Silicon substrate film is a single-sided polishing, 3 inches of diameters, and the 13-17 mil thick, phosphorus doping uses (111) face to 3-20 Ω-cm.Processing test structure and solar cell on two slice, thin pieces burnishing surface of (representing) with CZ-7 and CZ-8.What Fig. 8 represented is the back side of one of them slice, thin piece.Front surface (can't see among Fig. 8) has phosphorus-diffused layer and antireflective coating (AR) 95 (seeing Figure 10 and Figure 12).Each that does not include as wide 112, eight solar cells of main grid line of the wide 2mm of negative electrode all is 1 square centimeter big.These eight batteries below table 2 and table 3 in the n that forms negative contact electrode +(inner (I) or peripheral (P)) represents in the position of interdigital number (4,8,16 and 25) and battery.Four are positioned at inner battery and have only eutectic alloy and p +District contact, and be deposited with second layer metal on four eutectic alloys that are positioned at outside battery.The result that the CZ-8 sheet obtains is better, so only narrate the technology and the test result of this slice, thin piece.

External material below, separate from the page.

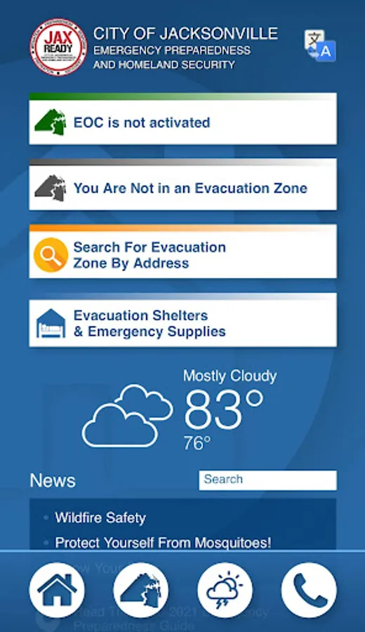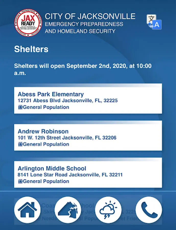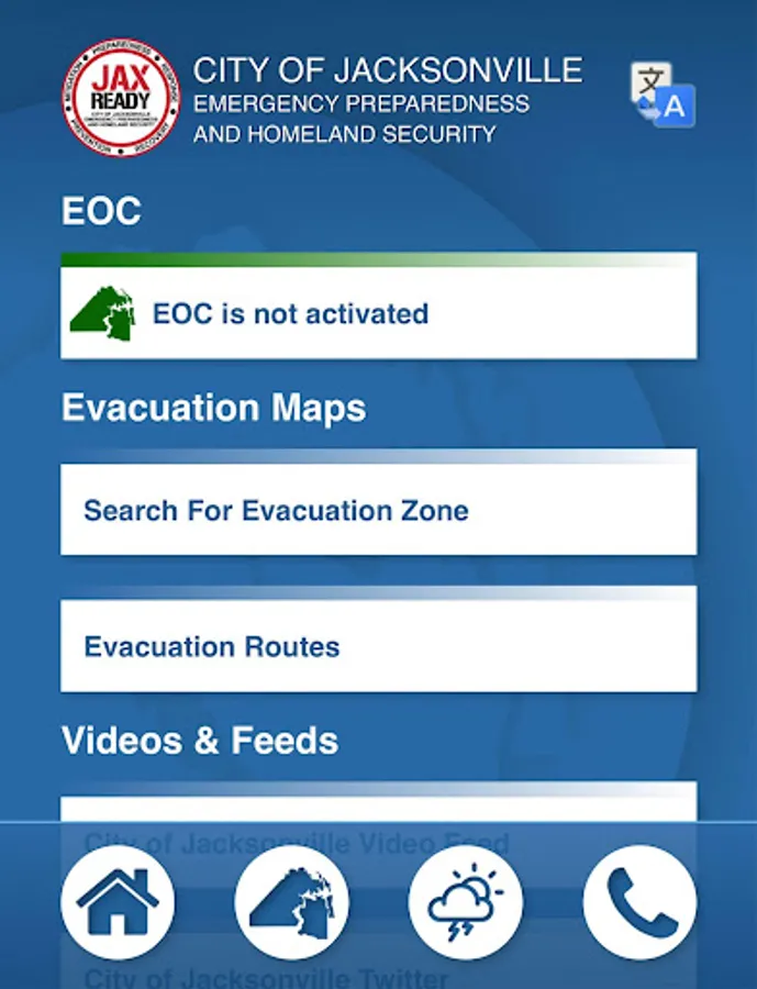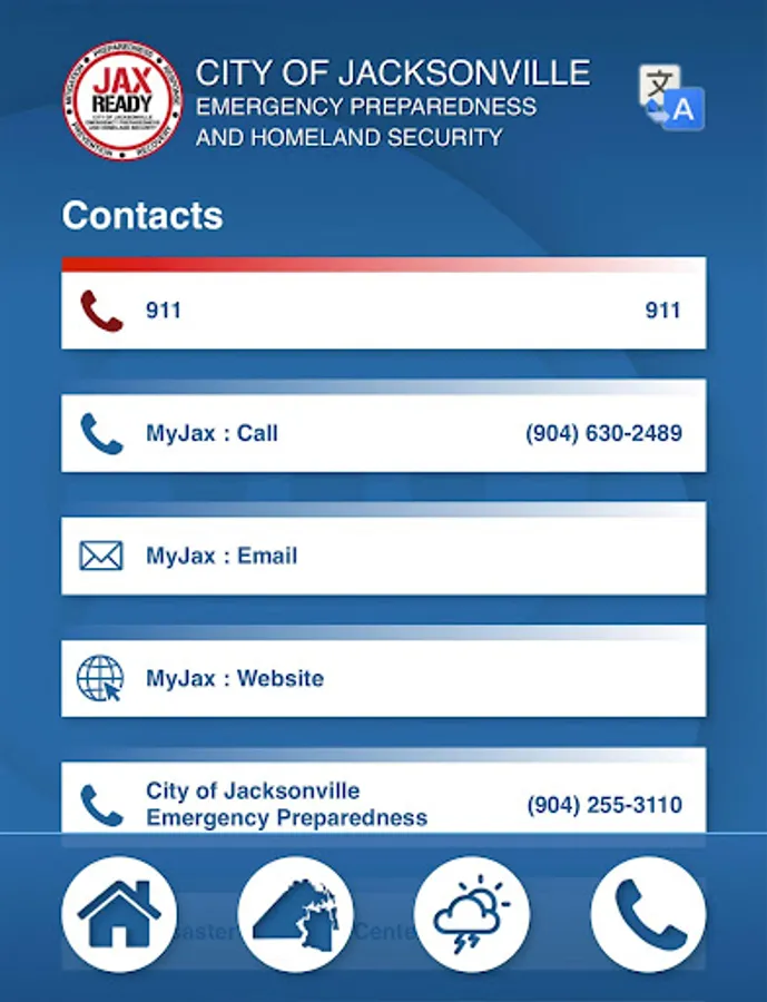 Are you ready? JaxReady— brought to you by the Emergency Preparedness Division and Information Technologies Division of the City of Jacksonville, Florida— will help you monitor weather threats and plan for evacuation in the event of a natural disaster. JaxReady provides access to current threat levels, weather reports, and wildfire updates, as well as up-to-the-minute news feeds for emergency preparedness and evacuation.

Be used to make the process summary such as the following table of the CZ-8 sheet of IBC battery.The aluminum alloy junction that noticeable characteristics of this technology are the back side and at whole front surface and exposed back of the body surface forms between the aluminium electrode phosphorus doping n +The shared high-temperature process of layer finished.The figure that carves the aluminium in the evaporation with photoetching reaches the second layer metal location of giving as negative electrode.Fig. 9 is the back view of this aluminum alloy junction IBC solar cell, and Figure 10-Figure 12 is its sectional view.
Table 1
Figure (mask 1) AZ1350J 1.5 μ m spraying, band oven are made in manufacturing process in-process capacity materials thickness technology 1 deposit aluminium (at burnishing surface) the Al 3 μ m evaporation 2 of CZ-sheet
Baking 3 go aluminium Al 3 μ m carve aluminium 4 in the front and the back side (on the aluminium) P-507 0.3 μ m print liquid doped source
Coating liquid phosphorus doped source 5 generates p overleaf +District Al 3 μ m rapid thermal treatment
(alloy) reaches at the positive and back of the body 0.3 μ m (1000 ℃, 30 seconds)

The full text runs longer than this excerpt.